The election night results Saturday gave Helen Clark's ruling Labour Party 50 seats and the main opposition National Party 49 in the 122-seat parliament, forcing both parties into a a scramble for support from six minor parties holding the remaining 23 seats.
Because of historical differences, both Labour and National would want to avoid dealing with the 15-month old Maori Party if they can. But they may be forced to seek the support of its legislators if rifts between other potential coalition partners cannot be healed.
Tariana Turia formed the Maori Party as an independent voice for New Zealand's indigenous people, who make up about 15 percent of the population.
She resigned from Labour last year over its legislation to block a court ruling that Maori had a right to claim foreshore and seabed areas.
But the party also has little in common with National, which wants to do away with the seven seats set aside for Maori.
Turia was adamant she would not be approaching either Clark or National leader Don Brash. "I think if they want to talk they will call us," she said.
Turia, 61, sees Labour's actions as a betrayal of traditional Maori support for the Labour Party, worse in some ways than the National Party's plans.
"One of them, at least, has stabbed us in the front and the other has stabbed us in the back. Now [our people] see them as being as bad as each other," she said recently.
Clark, who said before the election that she regards the Maori Party as "the last cab off the rank", could form a government if she can command the support of the small United Future and New Zealand First parties.
But both are opposed to working with her main ally, the Greens.
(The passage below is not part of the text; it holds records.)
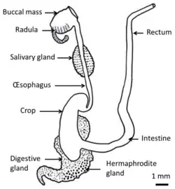 La croissance de la coquille ne cesse pas à la maturité sexuelle, mais ralentit considérablement, les plus grosses coquilles mesurent 7,5–7,7 mm[3].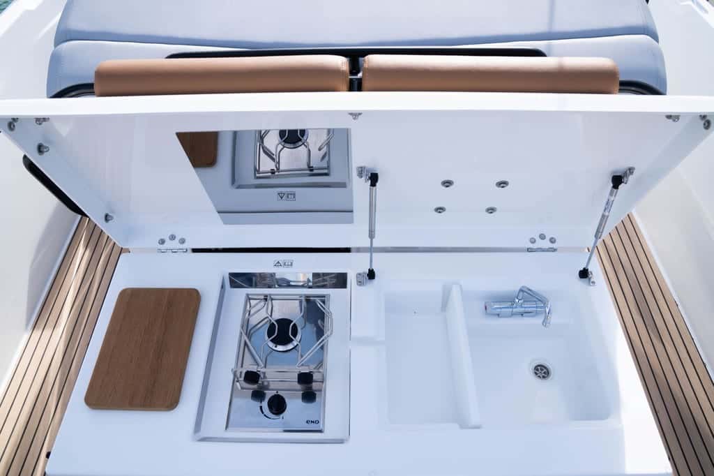 En cubierta, el Flyer 9 Spacedeck se convierte en un escenario versátil donde cada rincón invita a disfrutar. Dos generosos solariums, uno en proa y otro en popa, ofrecen espacios para tomar el sol o dejarse mecer por la brisa marina. El solárium de popa acoge cómodamente hasta tres personas, mientras que en proa, el toldo bimini despliega su sombra para quienes buscan resguardarse y contemplar el horizonte.
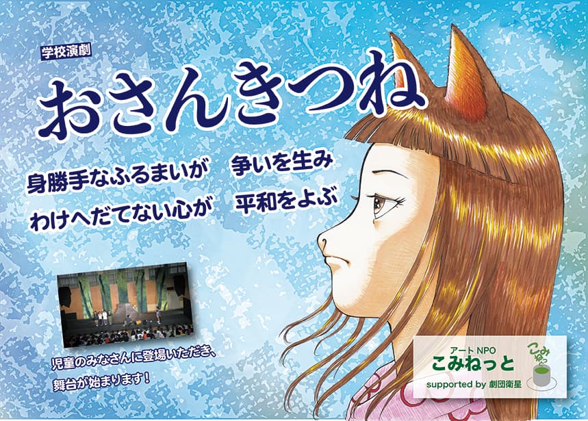 京都に伝わる民話『おさんきつね』を人間と自然の調和というテーマを絡ませて書きおこした、楽しくも哀感のある創作学校演劇です。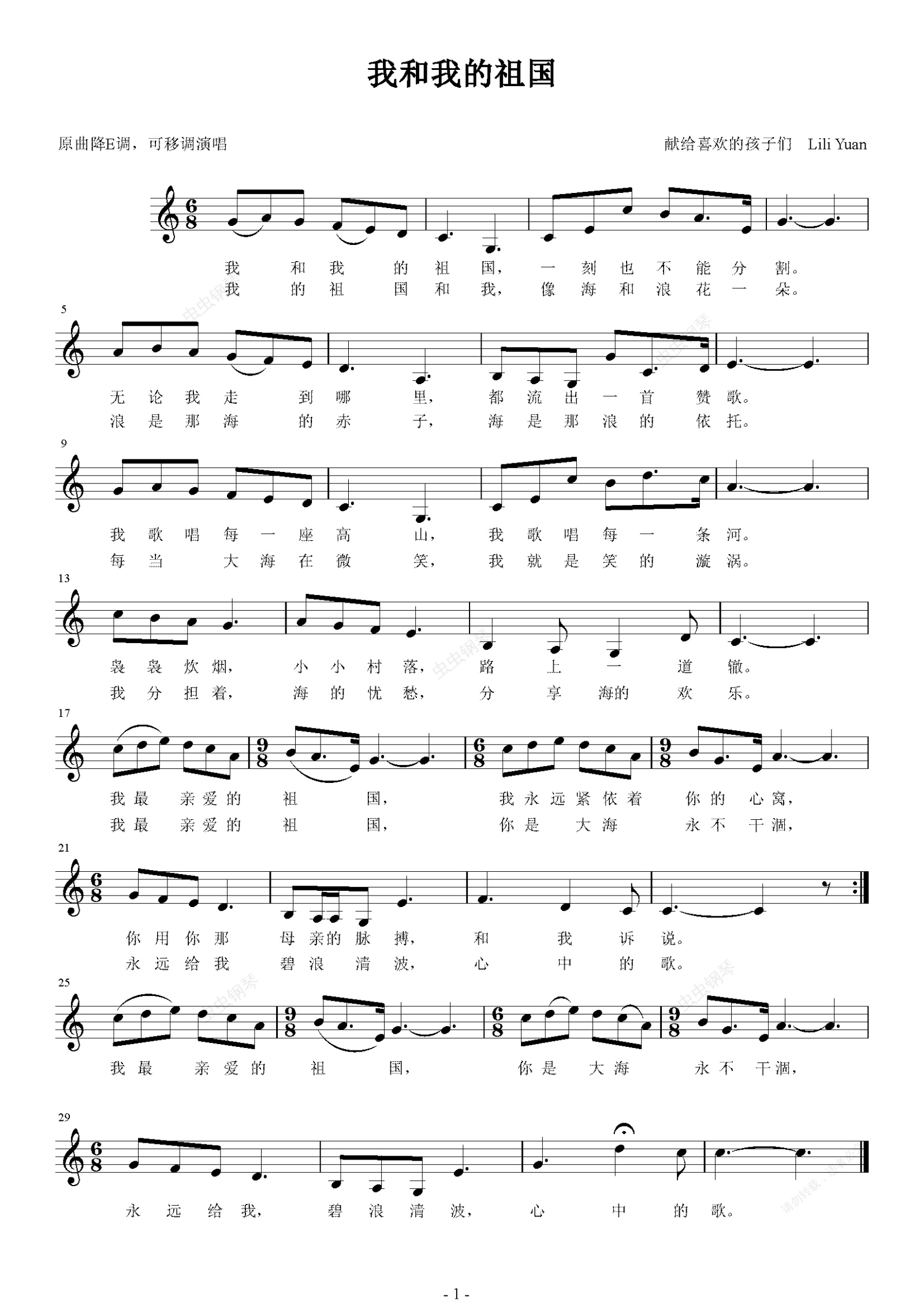钢琴谱:我和我的祖国 单谱演唱版(LY)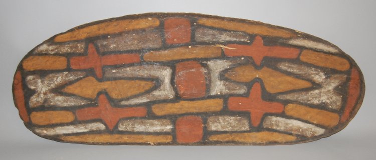 Description: Curved shield of wood, with a central raised boss. The front is painted with a design in faded white, red and yellow pigments outlined in black. The reverse is coloured red and has a loop handle cut from the solid. Donated by collector’s sister, Florence Walker – see the doc 907.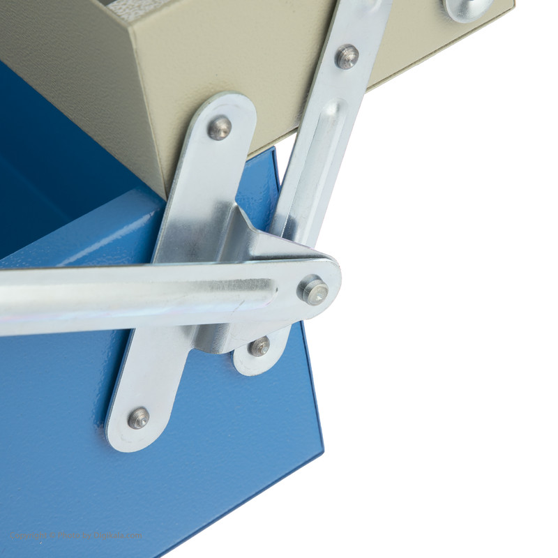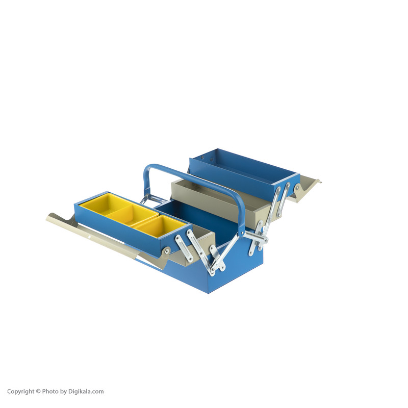 - 4 عدد نیم طبقه - دارای 3 محفظه کوچک پیچ و مهره در یک نیم طبقه - یک محفظه اصلی - پرچ های فولادی - رنگ استاتیک - اتوماتیک (با فشار دادن دسته به سمت پایین جعبه باز می شود و با بالا آوردن جعبه بسته می شود)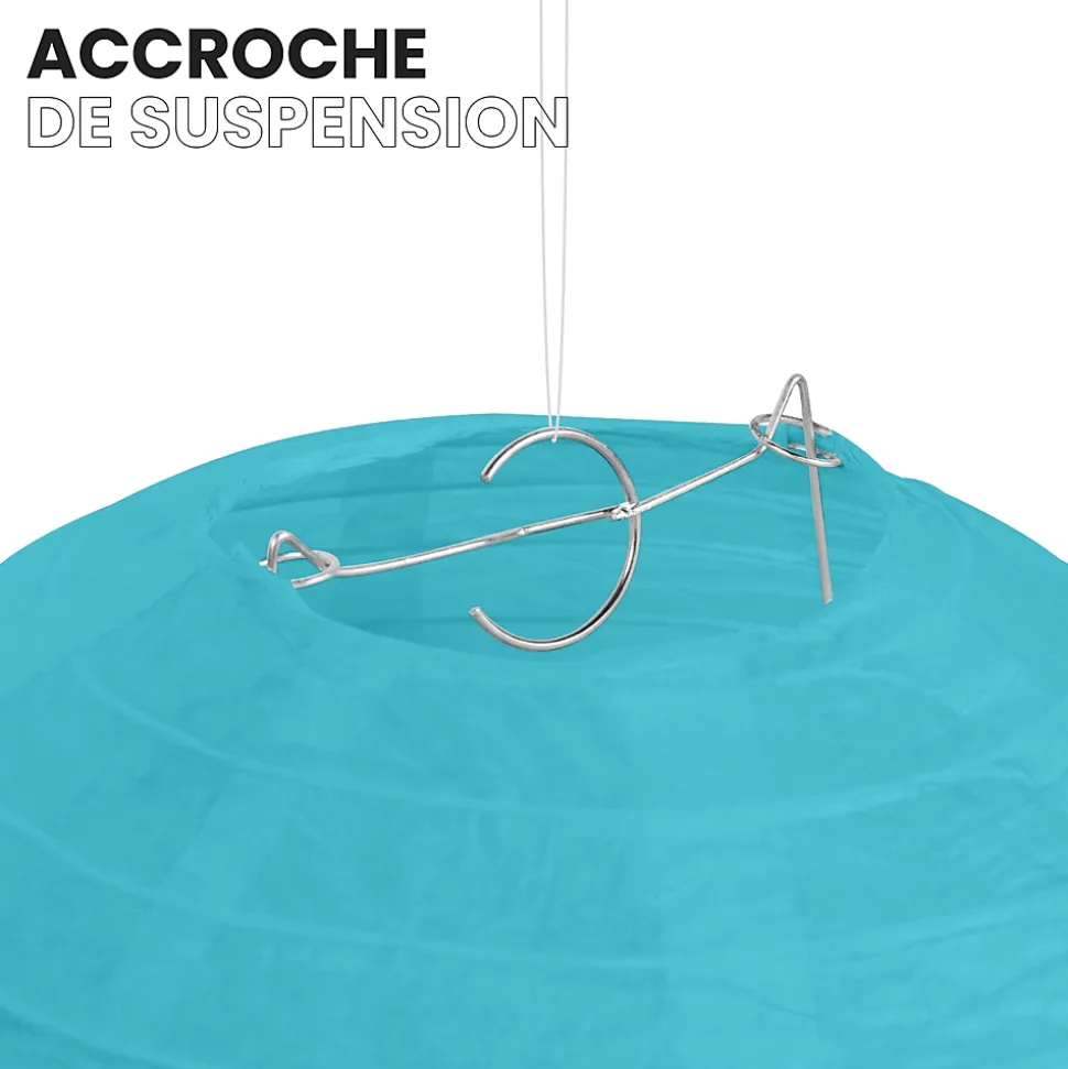 Lot de 12 lanternes papier 20 cm – Turquoise : une décoration fraîche et lumineuseAjoutez une touche de couleur éclatante à vos événements avec ce lot de 12 boules japonaises en papier turquoise de 20 cm. Leur teinte vive et élégante crée une ambiance estivale et joyeuse, parfaite pour un mariage, une fête d’anniversaire, un baptême ou une réception en extérieur.Très simples à installer, ces lanternes se déplient en quelques secondes et se suspendent à l’aide de fil de pêche ou de cordelette. Leur format 20 cm est idéal pour habiller un plafond, une pergola ou un espace arboré sans alourdir la décoration.Pour sublimer votre mise en scène, associez-les à des pompons, rosaces ou lampions. Le turquoise se combine parfaitement avec des teintes blanches, roses, dorées ou naturelles pour créer une composition dynamique et harmonieuse.Disponibles en plusieurs tailles de 10 à 50 cm, ces lanternes permettent de jouer sur les volumes et les hauteurs. Si le turquoise n’est pas la couleur principale de votre thème, explorez les autres coloris disponibles pour une décoration totalement personnalisée.SkyLantern, la référence des décorations lumineusesSkyLantern est une marque française basée à Lille, spécialisée dans la décoration japonaise à base de lampions en papier. Reconnue pour la qualité de ses produits, elle est plébiscitée par les professionnels de l’événementiel et la presse spécialisée.

If that rift cannot be healed she will have to hail the last cab, and the cab might not be too keen to come.
Turia's co-leader, academic Pita Sharples, has not ruled out talks with National if National is "desperate" -- and if it is desperate, it might have to backtrack on its Maori seats policy.
With emotions running high, Maori Party president Whatarangi Winiata has condemned actions by the two main parties as a move to abrogate the Treaty of Waitangi, signed in 1840 between Maori chiefs and Britain.
New Maori MP Hone Harawira has compared the policies of Brash to those of Adolf Hitler.